7. Address avoidance behavior 

Avoiding situations or tasks because of anxiety can end up causing a snowball effect. The longer one avoids the task or situation, the more overwhelming it seems. It may help to identify the issue that’s causing anxiety, talk about the steps needed to overcome it, and work together to take the first step.

8. Destigmatize 

The fear of having an anxiety attack can be as debilitating as an actual attack. Reassure your friend that they can cope if it happens; that anxiety is not a sign of failure or weakness. Normalize their fears, if you can, by sharing yours. It’s perfectly normal to have fears. Having fearful thoughts doesn’t automatically mean that they’ll happen. Others also have these thoughts and fears and can overcome them.

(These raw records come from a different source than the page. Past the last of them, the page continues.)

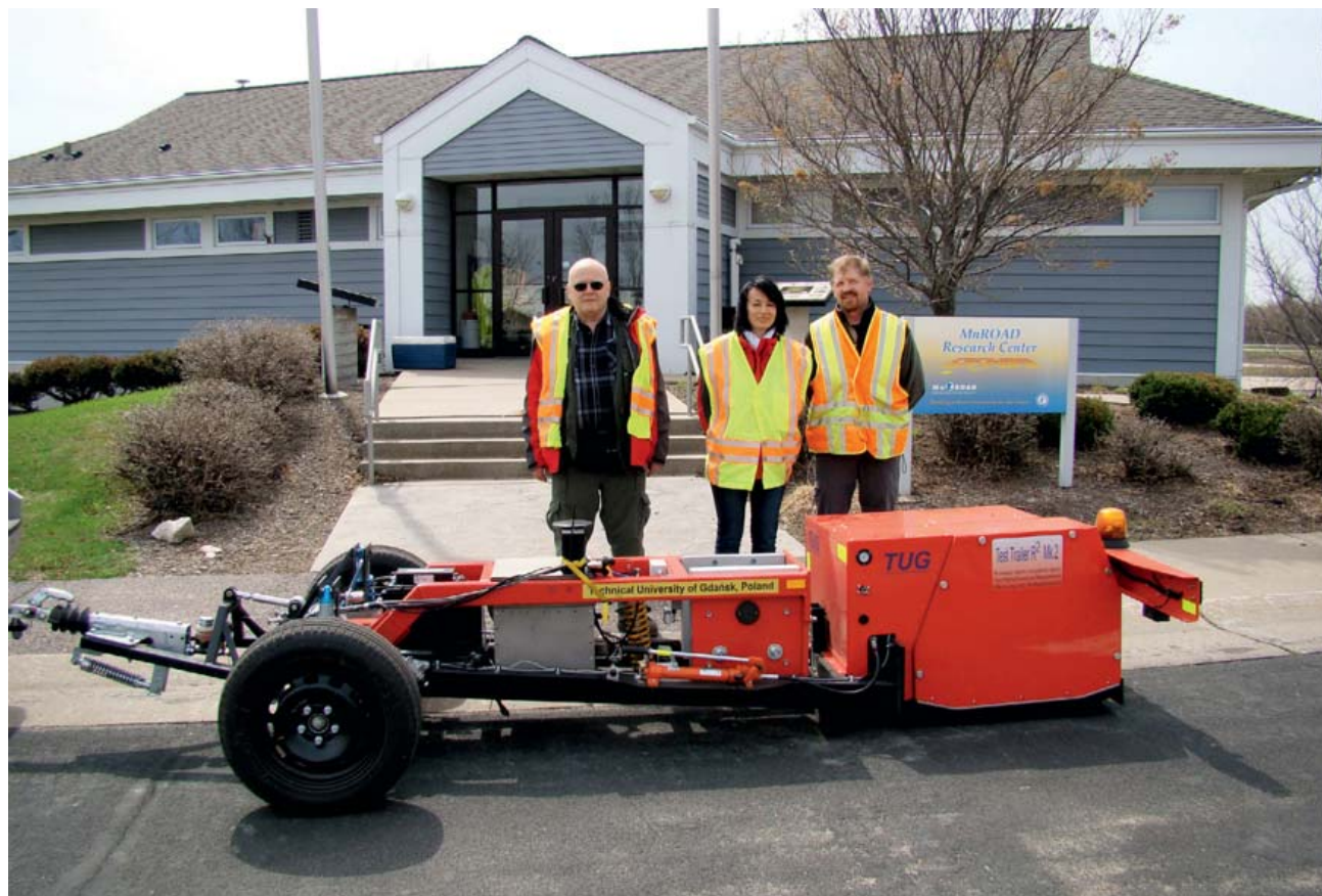
Rys. 7. Przyczepa do badania oporu toczenia R 2 Mk. 2 wraz z ekipą pomiarową podczas badań w MnRoad Facility w 2014 roku

► w 2013 roku (rys. 7). Badania w USA były pierwszym poważnym sprawdzeniem nowego urządzenia, co oczywiście powodowało spore emocje, bo w przypadku poważniejszej awarii naprawa na terenie USA mogła być bardzo trudna, a nawet całkowicie niemożliwa. Na szczęście przyczepa nie sprawiała kłopotów, za wyjątkiem zasilania w energię elektryczną z samochodu ciągnącego, który dostarczyli Amerykanie. Samochód nie miał odpowiednio wzmocnionej instalacji elektrycznej i konieczne było ciągnięcie dodatkowych przewodów od alternatora do tylnego zderzaka.
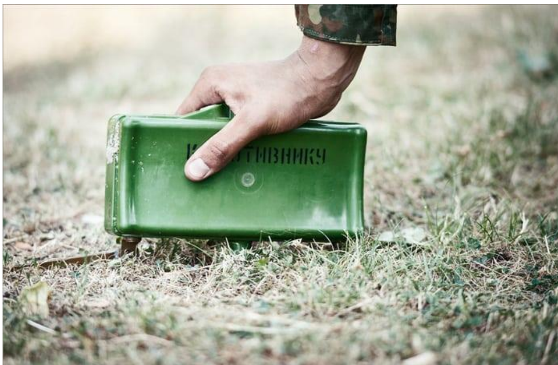
Мина в боевом положении
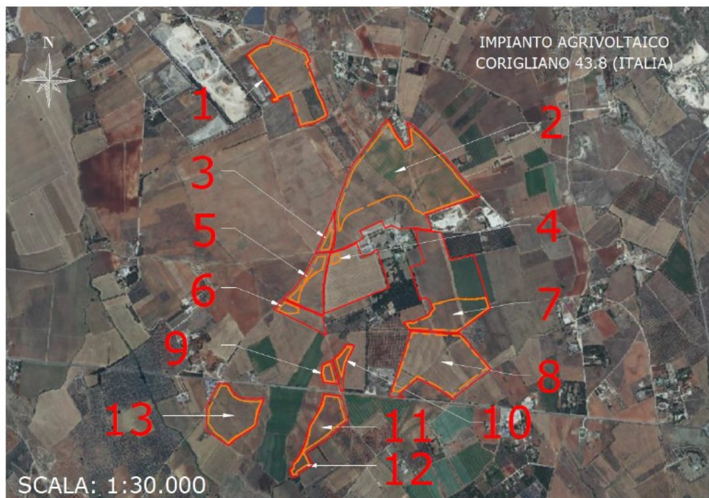
Figura 1: individuazione area di intervento e suddivisione sottocampi (elaborato di progetto)

L'impianto sarà realizzato con 558 strutture (tracker) in configurazione 2x56 moduli, 191 strutture (tracker) in configurazione 2x28 moduli, 195 strutture (tracker) in configurazione 2x14 moduli e 182 strutture (tracker) in configurazione 2x7 moduli in verticale con pitch pari a 9,85 m. In totale saranno installati 81.200 moduli fotovoltaici monocristallini della potenza di 670 Wp.
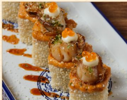
HOTATE ROLL 138 帆立ロール Torched Scallop Roll with Salmon Roe & Spicy Mayo
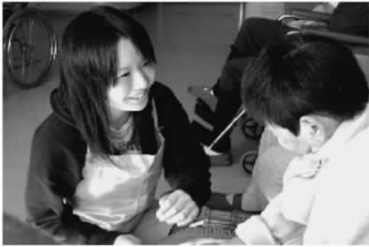
施設体験実習する高校生 (身体障害者療護施設かじか寮)

よる福祉関係の求人求職の動向の説明を受けた後、ビデオ講習で福祉の仕事について触れました。午後には、実際に現場で働く若手職員から福祉の仕事や就職活動の方法について学び、質問したい事をグループで話し合い発表する時間では、「介護度とはなんですか」「一番やりがいを感じた時はどんな時ですか」「給料はいくらですか」など活発な質問がだされました。
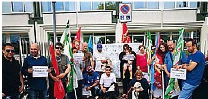
Picchetto La protesta per l'appalto nell'area di servizio Paganella ovest

«La disponibilità manifestata dal presidente di A22 è un primo passo avanti, ma non ci possiamo accontentare degli impegni verbali. Per questi lavoratori serve una certezza di riassunzione», incalzano
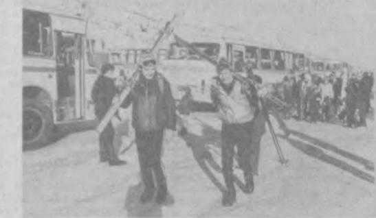
Воскресный день в горах Чингана.

Весть о случившемся бедствия в афганском кишлаке долетела до советской воинской части. По сигналу
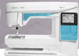
HUSQVARNA VIKING® OPAL™ 690Q
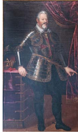
Cosimo I de' Medici Granduca di Toscana 1569-1574

Il terzo Granduca indossa l'armatura con rossa croce e decorazioni in oro da Gran Maestro dei Cavalieri di Santo Stefano; accanto ha elmo, corona e scettro.
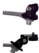
Kit GoPro ou Kit caméra sport

9. Assist them in getting help

 As badly as you may want to, you can’t cure your friend’s anxiety. Your care and support can be an essential part of their treatment, but there may be times when it is not enough. If your friend’s anxiety is affecting their work, school, relationships, or ability to enjoy life, encourage your friend to get professional help.

Living with an anxiety disorder isn’t easy. Supporting your friend won’t always be easy either, but your efforts could mean the world to them. Don’t worry about what you’re doing right or wrong; you’ll figure it out together. Just being there is an essential first step.